Chissà com’è correre per 42 km e 195 metri. Me lo sono chiesta tante, tantissime volte, guardando le gare di atletica in diretta TV. Più di ogni altra volta me lo chiesi in quelle magiche Olimpiadi di Atene 2004, quando il grande Stefano Baldini si lasciò alle spalle tutti gli avversari e si guadagnò un posto nella storia della distanza regina, la gara di tutte le gare.

Se me lo aveste detto due anni fa, che un giorno anche io avrei corso una Maratona, vi avrei riso in faccia. Non sono mai stata una persona sedentaria, ma nemmeno una sportiva in senso lato. Corricchio da sempre, la prima volta credo sia stato a 10 anni con l’amichetta del cuore del tempo. Ma l’ ho sempre fatto con la spinta del momento, più che altro per cercare di perdere i soliti 3-4 kg. di troppo.

Poi, due anni fa, la svolta. Con il mio compagno abbiamo iniziato ad uscire insieme sulle nostre splendide colline e poi ci siamo iscritti ad una squadra podistica. E li abbiamo scoperto un mondo parallelo, un popolo che alla domenica mattina all’alba si sveglia e si ritrova felice in strada per correre o camminare insieme.

Ed abbiamo iniziato a fare sul serio. Così ci si ritrova a vivere la vita del podista amatoriale: di giorno il lavoro di sempre e la sera, tre/quattro volte a settimana si esce per allenarsi, con il caldo torrido di agosto o con il gelo e l’ umidità invernale, a volte con la pioggia e qualche volta anche con la neve.

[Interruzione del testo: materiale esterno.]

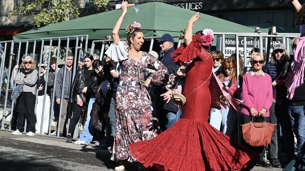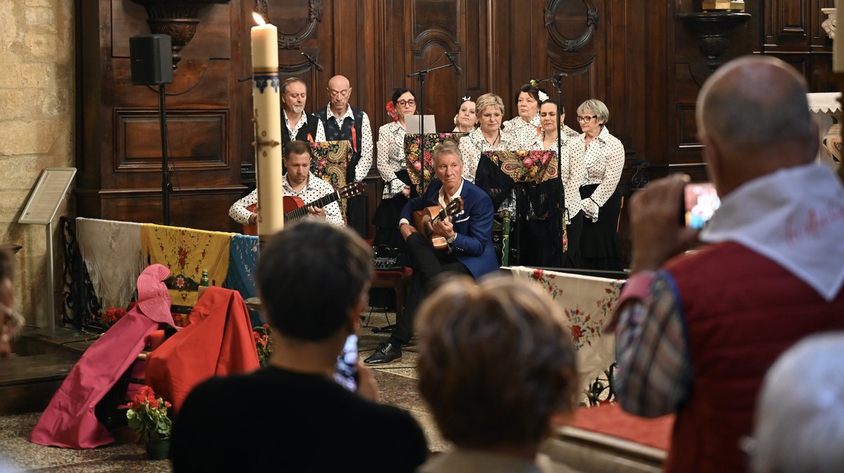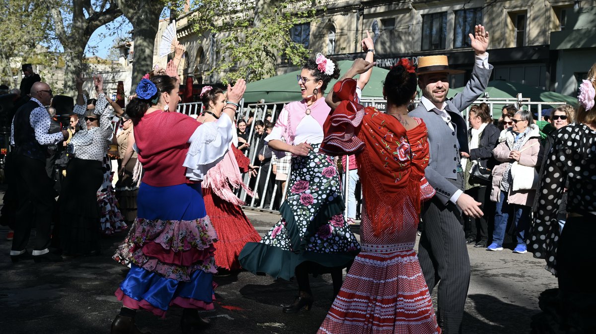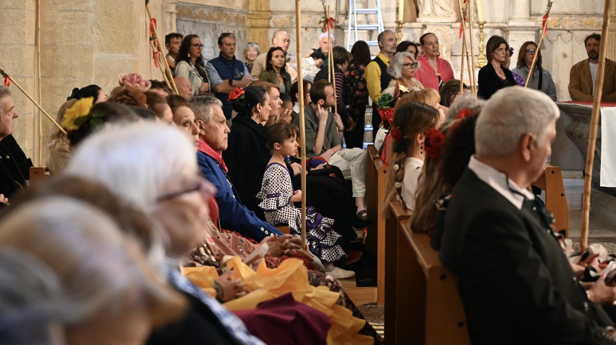 Dès 10h, calèches, cavaliers et sévillanes ont défilé dans les rues de la ville, une animation orchestrée par le club taurin Les Andalouses. L'occasion, entre deux airs de sévillane, d'annoncer la traditionnelle "Misa Flamenca". Une homélie inspirée de la messe sévillane, célébrée, un peu plus tard dans la matinée, par le curé Don Louis-Gabriel Eschbach, à Notre-Dame de la Major, une première. L'église affichait complet.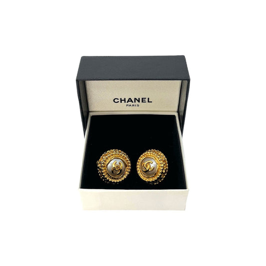 CHANEL Vintage CC Logo Round Clip On Earrings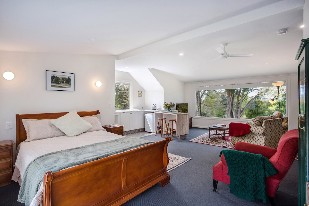 The Potting Shed at Bunya House is a purpose built guest accommodation with every amenity covered to make your stay in Bowral an enjoyable one. Positioned overlooking a beautiful vegetable garden designed by renowned Australian garden designer Paul Bangay The Potting Shed Polished concrete floors, weatherboard walls, a King bed that can be split into King Singles, a kitchenette with breakfast making facilities. Walk to town.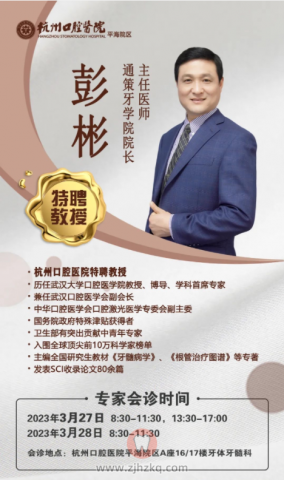 彭彬教授坐诊杭州口腔医院牙体牙髓科 杭城看牙记 • 2023年3月22日 08:22 • 杭州看牙动态 【专家会诊日】通策牙学院院长、杭州口腔医院特聘教授、全国知名牙体牙髓学科带头人彭彬教授 通策牙学院院长、杭州口腔医院特聘教授、全国知名牙体牙髓学科带头人彭彬教授将于3月27日全天、3月28日上午于杭州口腔医院平海院区牙体牙髓科坐诊,指导临床工作和学术交流。 来源:杭州口腔医院平海院区 本文内容源自网络仅供参考,不作为诊断医疗依据,更多查询请 → 在线咨询客服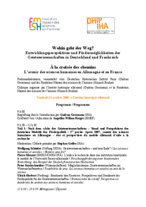 Ganztägige Veranstaltung zum Thema »Wohin geht der Weg? Entwicklungsperspektiven und Fördermöglichkeiten der Geisteswissenschaften in Deutschland und Frankreich« mit Vertretern aus Wissenschaft und Wissenschaftsförderung aus Frankreich und Deutschland, organisiert vom DHIP (Gudrun Gersmann) in Zusammenarbeit mit der Fondation Maison des sciences de l'homme (Hinnerk Bruhns), und Vorstellung der Internetprojekte »perspectivia.net« und »Trivium«
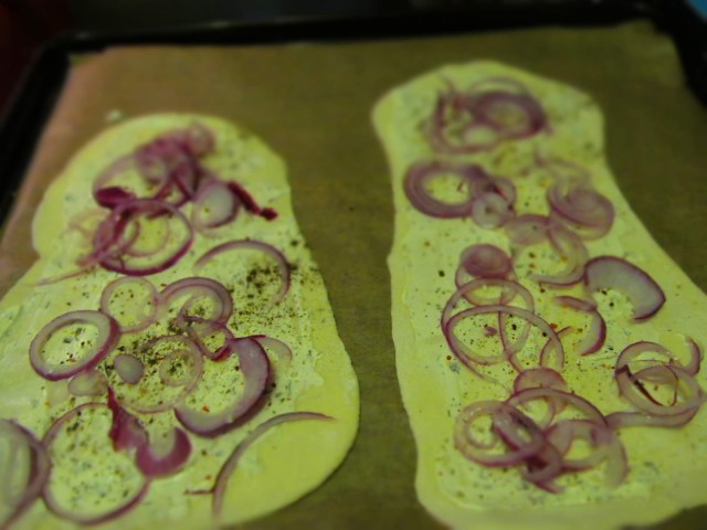• Четвъртинката тесто, което съм определила за този Фламкухен разделям на две части, които разточвам на две горе – долу продълговати кори. Не се старайте да са еднакви и красиви. Ще се изяде и без да е разточено тестото като за изложба.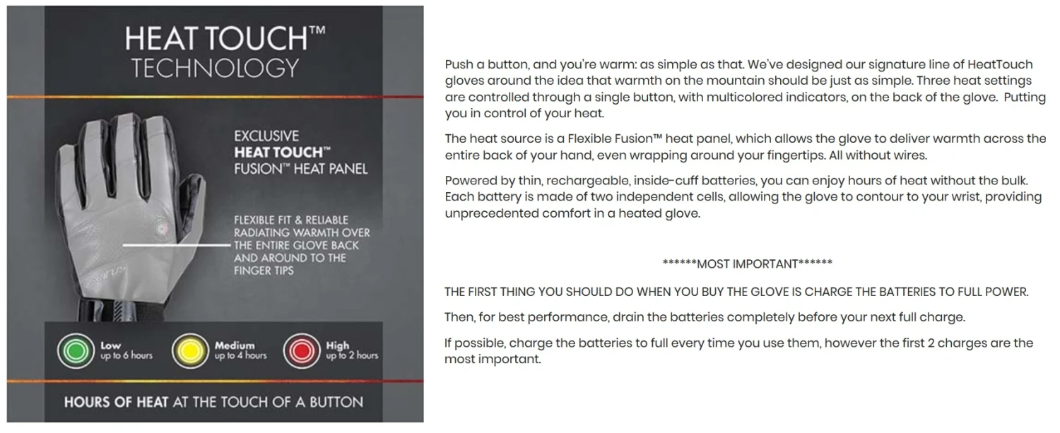 Heat Touch Gloves Includes:

E poi al sabato sera pasta in bianco e a letto presto, perché alla domenica ci si alza alle sette, quando si è fortunati, e si parte per la gara in programma nel calendario provinciale. Ho iniziato con 5 km., poi 10, poi mi sono innamorata della Mezza Maratona, 21,097 km. E, nonostante a giugno dello scorso anno continuassi a sostenere che non avrei mai corso una Maratona, era sempre più forte la voglia di aumentare i km e di spingermi sempre un po’ più in là.

Non lo so che cosa mi abbia fatto cambiare idea; forse, ancora una volta, le Olimpiadi e il fascino nel seguire ogni gara in diretta. 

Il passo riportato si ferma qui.